A bundle application allows you to batch a set of coordinator applications.

Workflows

In the Workflow Editor you can easily perform operations on Oozie action and control nodes.

Action Nodes

The Workflow Editor supports dragging and dropping action nodes. As you move the action over other actions and forks, highlights indicate active areas. If there are actions in the workflow, the active areas are the actions themselves and the areas above and below the actions. If you drop an action on an existing action, a fork and join is added to the workflow.

  • Add actions to the workflow by clicking the action button and drop the action on the workflow. The Edit Node screen displays.

    1. Set the action properties and click Done. Each action in a workflow must have a unique name.
  • Copy an action by clicking the Copy button.

  1. The action is opened in the Edit Node screen.
  2. Edit the action properties and click Done. The action is added to the end of the workflow.
  • Delete an action by clicking the Trash button.
  • Edit an action by clicking the Edit button.
  • Change the position of an action by left-clicking and dragging an action to a new location.

Control Nodes

  • Create a fork and join by dropping an action on top of another action.
  • Remove a fork and join by dragging a forked action and dropping it above the fork.
  • Convert a fork to a decision by clicking the Fork button.
  • To edit a decision:
    1. Click the Edit button.
    2. Fill in the predicates that determine which action to perform and select the default action from the drop-down list.
    3. Click Done.

Note: worfklows.xml and their job.properties cab also directly be selected and executed via the File Browser.

Schedules

In Coordinator Manager you create Oozie coordinator applications and submit them for execution.

Editing a Coordinator

In the Coordinator Editor you specify coordinator properties and the datasets on which the workflow scheduled by the coordinator will operate by stepping through screens in a wizard. You can also advance to particular steps and revisit steps by clicking the Step “tabs” above the screens. The following instructions walk you through the wizard.

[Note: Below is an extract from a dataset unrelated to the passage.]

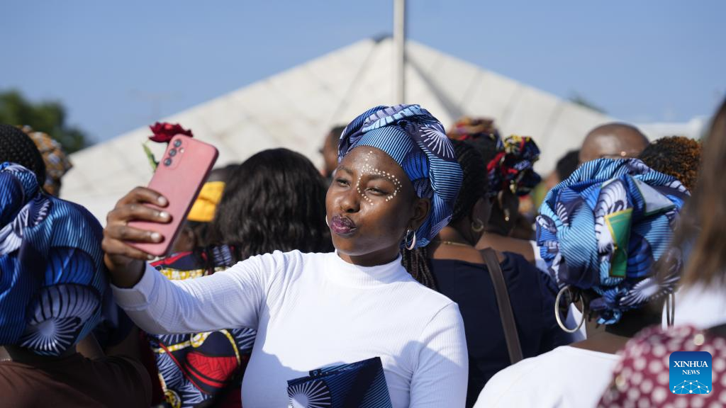 A woman takes a selfie at Heroes' Square in Maputo, Mozambique, on the occasion of Mozambique National Women's Day, April 7, 2025. (Xinhua/Liu Jie)
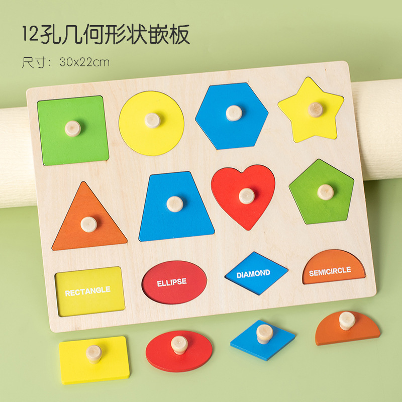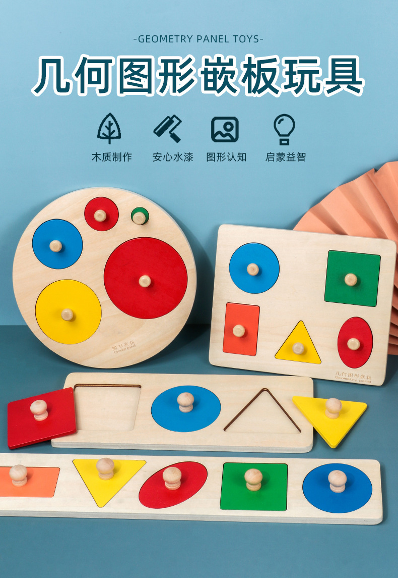 몬테소리 기하학적 패널 퍼즐 교구 나무 1-3 어린이 모양 페어링 퍼즐 퍼즐 빌딩 블록 장난감

  1. Type a name, select the workflow, check the Is shared checkbox to share the job, and click Next. If the Coordinator Editor was opened after scheduling a workflow, the workflow will be set.
  2. Select how many times the coordinator will run for each specified unit, the start and end times of the coordinator, the timezone of the start and end times, and click Next. Times must be expressed as UTC times. For example, to run at 10 pm PST, specify a start time of 6 am UTC of the following day (+8 hours) and set the Timezone field to America/Los_Angeles.
  3. Click Add to select an input dataset and click Next. If no datasets exist, follow the procedure in Creating a Dataset.
  4. Click Add to select an output dataset. Click Save coordinator or click Next to specify advanced settings.
  5. To share the coordinator with all users, check the Isshared checkbox.
  6. Fill in parameters to pass to Oozie, properties that determine how long a coordinator will wait before timing out, how many coordinators can run and wait concurrently, and the coordinator execution policy.
  7. Click Save coordinator.

Creating a Dataset

  1. In the Coordinator Editor, do one of the following:
    • Click here in the Inputs or Outputs pane at the top of the editor.
    • In the pane at the left, click the Create new link. Proceed with Editing a Dataset.

Editing a Dataset

  1. Type a name for the dataset.
  2. In the Start and Frequency fields, specify when and how often the dataset will be available.
  3. In the URI field, specify a URI template for the location of the dataset. To construct URIs and URI paths containing dates and timestamps, you can specify the variables ${YEAR},${MONTH},${DAY},${HOUR},${MINUTE}. For example: hdfs://foo:9000/usr/app/stats/${YEAR}/${MONTH}/data.
  4. In the Instance field, click a button to choose a default, single, or range of data instances. For example, if frequency==DAY, a window of the last rolling 5 days (not including today) would be expressed as start: -5 and end: -1. Check the advanced checkbox to display a field where you can specify a coordinator EL function.
  5. Specify the timezone of the start date.
  6. In the Done flag field, specify the flag that identifies when input datasets are no longer ready.

Bundles

A bundle consists in a collection of schedules.

Creating a Bundle

  1. Click the Create button at the top right.
  2. In the Name field, type a name.
  3. In the Kick off time field, choose a kick off time.
  4. Check the Is shared checkbox to allow all users to access the workflow.
  5. Click Save. The Bundle Editor opens. Proceed with Editing a Bundle.

Editing a Bundle

In the Bundle Editor, you specify properties by stepping through screens in a wizard. You can also advance to particular steps and revisit steps by clicking the Step “tabs” above the screens. The following instructions walk you through the wizard.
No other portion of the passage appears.